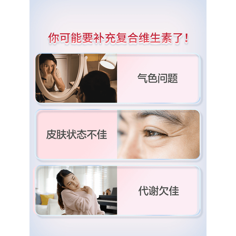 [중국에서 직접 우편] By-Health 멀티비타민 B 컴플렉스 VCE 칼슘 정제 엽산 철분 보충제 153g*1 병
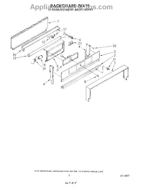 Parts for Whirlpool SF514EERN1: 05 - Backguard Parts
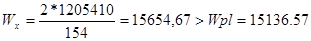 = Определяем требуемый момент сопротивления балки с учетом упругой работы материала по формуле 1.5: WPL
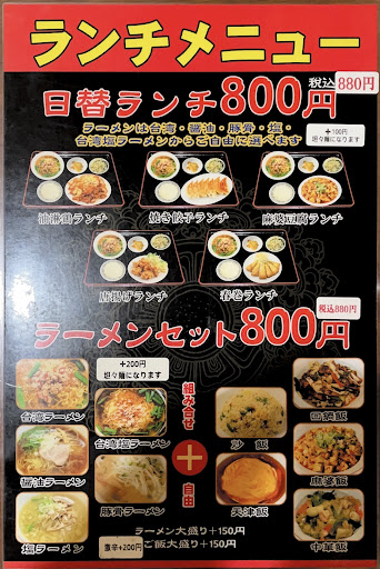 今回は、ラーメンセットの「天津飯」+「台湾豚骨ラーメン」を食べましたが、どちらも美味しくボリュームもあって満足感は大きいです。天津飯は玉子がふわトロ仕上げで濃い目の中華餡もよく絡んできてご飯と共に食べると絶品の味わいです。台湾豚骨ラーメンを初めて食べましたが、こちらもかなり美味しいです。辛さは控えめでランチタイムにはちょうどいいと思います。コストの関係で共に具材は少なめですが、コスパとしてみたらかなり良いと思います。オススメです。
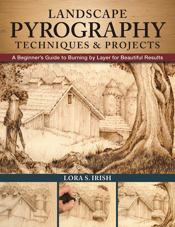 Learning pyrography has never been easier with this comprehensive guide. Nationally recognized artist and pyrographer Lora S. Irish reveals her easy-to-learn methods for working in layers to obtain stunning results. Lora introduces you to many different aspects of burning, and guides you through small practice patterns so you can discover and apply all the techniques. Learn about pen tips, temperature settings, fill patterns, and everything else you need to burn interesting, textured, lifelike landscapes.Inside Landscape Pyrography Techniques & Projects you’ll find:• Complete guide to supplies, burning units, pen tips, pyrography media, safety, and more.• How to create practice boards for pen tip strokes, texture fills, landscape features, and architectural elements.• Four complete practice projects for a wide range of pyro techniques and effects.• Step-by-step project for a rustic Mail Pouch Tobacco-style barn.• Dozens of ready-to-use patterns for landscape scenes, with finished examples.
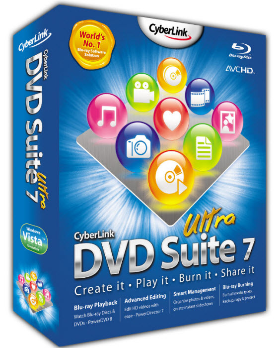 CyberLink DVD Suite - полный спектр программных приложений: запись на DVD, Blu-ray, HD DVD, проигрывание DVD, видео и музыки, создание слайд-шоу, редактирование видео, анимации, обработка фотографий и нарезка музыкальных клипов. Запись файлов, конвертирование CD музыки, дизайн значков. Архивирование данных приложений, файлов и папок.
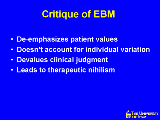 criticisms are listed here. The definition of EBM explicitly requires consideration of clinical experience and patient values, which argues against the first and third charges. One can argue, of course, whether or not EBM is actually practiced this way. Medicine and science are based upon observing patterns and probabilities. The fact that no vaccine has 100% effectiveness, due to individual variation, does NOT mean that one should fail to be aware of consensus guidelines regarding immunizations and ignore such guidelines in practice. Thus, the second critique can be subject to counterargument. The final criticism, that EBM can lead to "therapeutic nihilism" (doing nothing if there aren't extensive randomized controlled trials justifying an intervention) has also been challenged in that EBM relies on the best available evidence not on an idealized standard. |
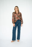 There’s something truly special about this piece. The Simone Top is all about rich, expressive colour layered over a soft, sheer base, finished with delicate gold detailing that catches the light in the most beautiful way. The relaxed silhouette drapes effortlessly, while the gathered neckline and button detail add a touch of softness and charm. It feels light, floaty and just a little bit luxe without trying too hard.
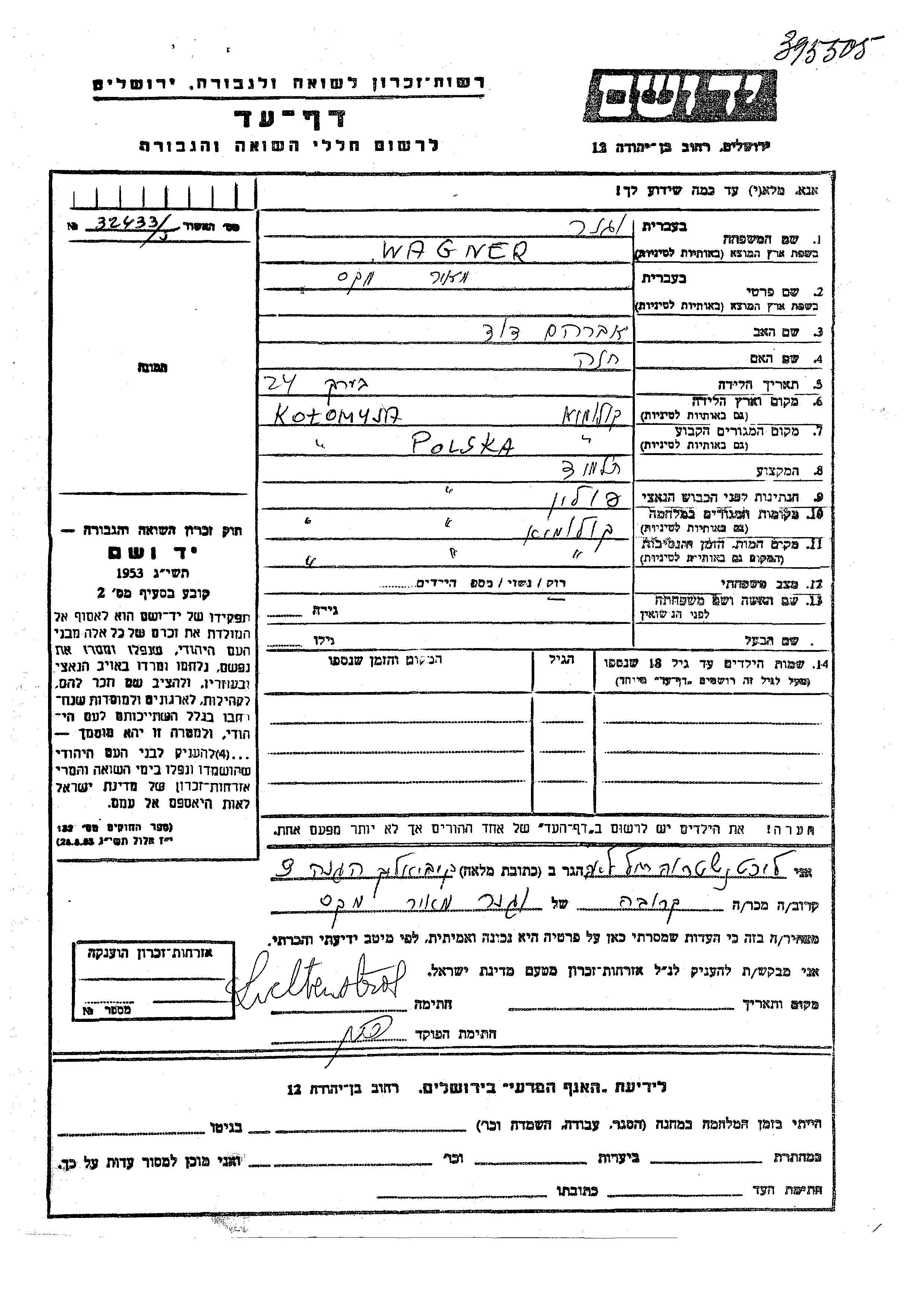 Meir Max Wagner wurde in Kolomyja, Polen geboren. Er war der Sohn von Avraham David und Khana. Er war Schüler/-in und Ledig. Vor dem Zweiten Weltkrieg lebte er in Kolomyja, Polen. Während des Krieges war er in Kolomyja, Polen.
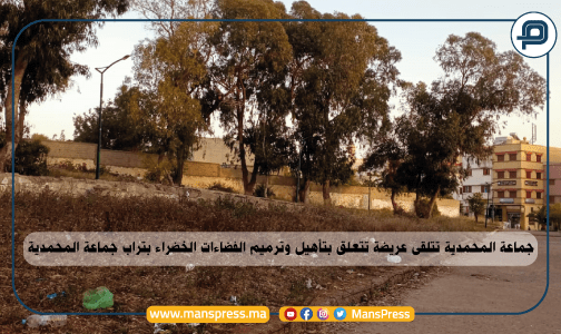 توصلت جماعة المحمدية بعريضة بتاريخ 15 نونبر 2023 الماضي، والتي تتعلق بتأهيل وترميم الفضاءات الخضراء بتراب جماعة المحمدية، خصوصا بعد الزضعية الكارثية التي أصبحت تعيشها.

--------------------------------------------------

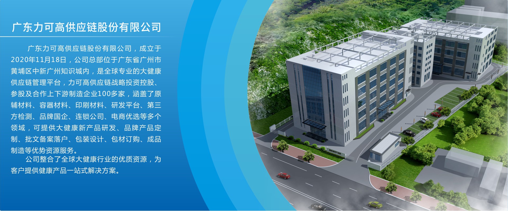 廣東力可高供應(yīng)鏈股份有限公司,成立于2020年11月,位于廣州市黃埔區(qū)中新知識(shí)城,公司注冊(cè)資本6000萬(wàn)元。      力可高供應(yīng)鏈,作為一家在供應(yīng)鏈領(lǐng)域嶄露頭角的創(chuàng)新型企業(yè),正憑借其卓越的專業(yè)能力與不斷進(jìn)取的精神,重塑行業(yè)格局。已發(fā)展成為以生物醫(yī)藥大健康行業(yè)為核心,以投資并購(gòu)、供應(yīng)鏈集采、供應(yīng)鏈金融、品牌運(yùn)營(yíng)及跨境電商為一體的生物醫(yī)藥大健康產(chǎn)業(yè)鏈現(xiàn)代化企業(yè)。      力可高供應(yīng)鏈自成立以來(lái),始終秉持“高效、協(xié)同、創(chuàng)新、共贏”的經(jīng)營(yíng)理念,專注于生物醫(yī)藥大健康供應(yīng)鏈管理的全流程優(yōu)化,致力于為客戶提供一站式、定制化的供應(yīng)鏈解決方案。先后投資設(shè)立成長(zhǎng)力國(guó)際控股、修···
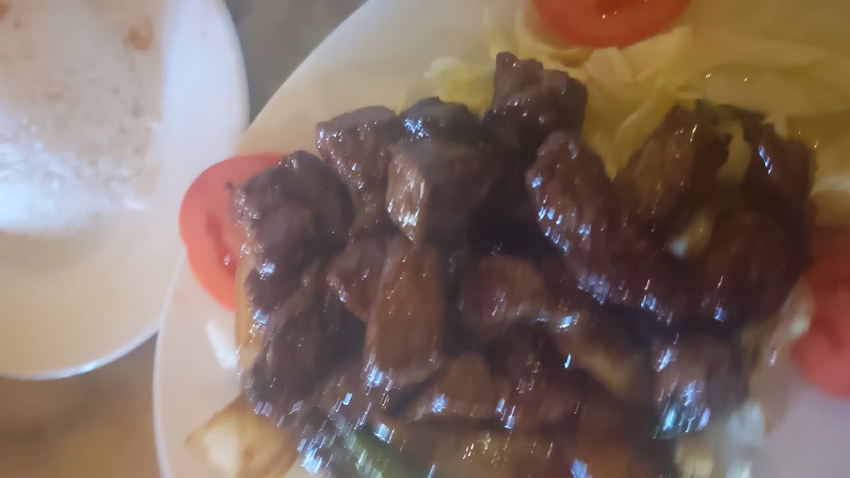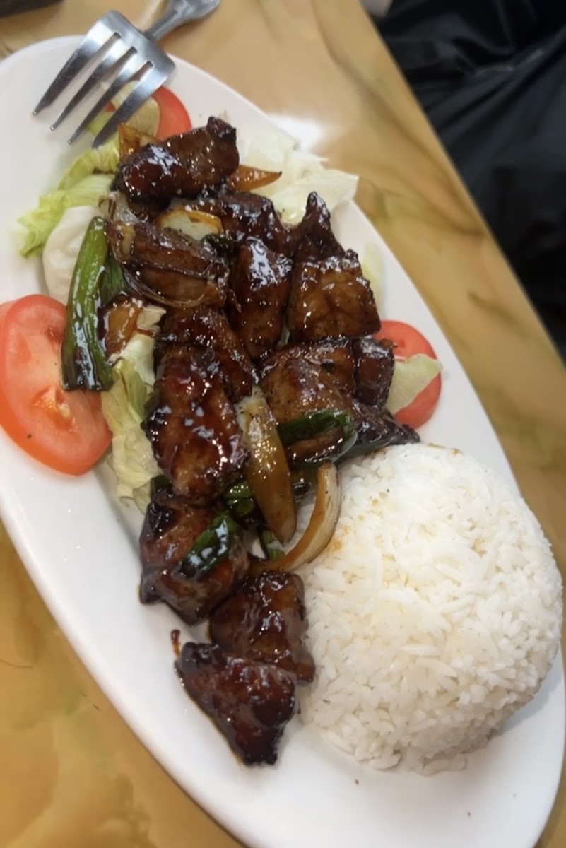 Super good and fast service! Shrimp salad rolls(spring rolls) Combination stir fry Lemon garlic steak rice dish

--------------------------------------------------

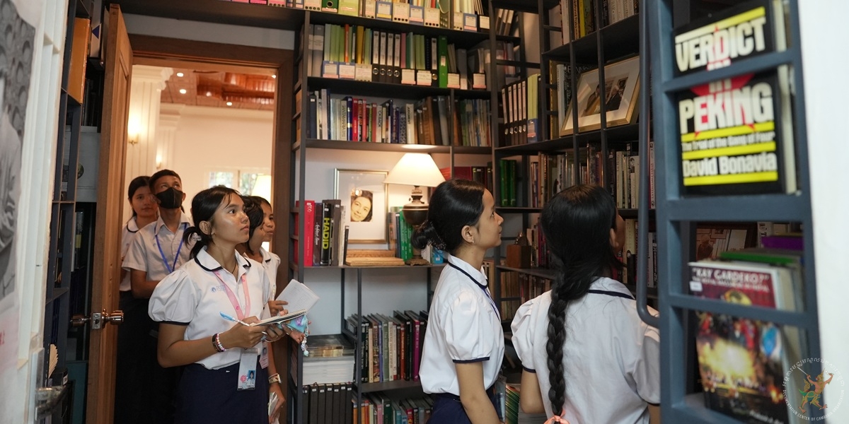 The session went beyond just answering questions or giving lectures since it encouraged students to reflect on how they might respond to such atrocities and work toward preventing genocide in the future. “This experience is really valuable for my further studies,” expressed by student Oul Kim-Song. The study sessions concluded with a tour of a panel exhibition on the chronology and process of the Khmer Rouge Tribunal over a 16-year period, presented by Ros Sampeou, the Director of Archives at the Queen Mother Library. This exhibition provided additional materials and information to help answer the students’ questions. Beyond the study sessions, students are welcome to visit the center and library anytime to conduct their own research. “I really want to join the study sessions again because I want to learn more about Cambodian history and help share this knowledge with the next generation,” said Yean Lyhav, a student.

--------------------------------------------------

- [Exercise] Given the records above, return the lines starting at the one that holds "формуле 1.5: WPL" and ending at the one that holds "今回は、ラーメンセットの「天", exactly, and nothing besides; leave every picture out.

- [Response to the exercise]
 = Определяем требуемый момент сопротивления балки с учетом упругой работы материала по формуле 1.5: WPL
 今回は、ラーメンセットの「天津飯」+「台湾豚骨ラーメン」を食べましたが、どちらも美味しくボリュームもあって満足感は大きいです。天津飯は玉子がふわトロ仕上げで濃い目の中華餡もよく絡んできてご飯と共に食べると絶品の味わいです。台湾豚骨ラーメンを初めて食べましたが、こちらもかなり美味しいです。辛さは控えめでランチタイムにはちょうどいいと思います。コストの関係で共に具材は少なめですが、コスパとしてみたらかなり良いと思います。オススメです。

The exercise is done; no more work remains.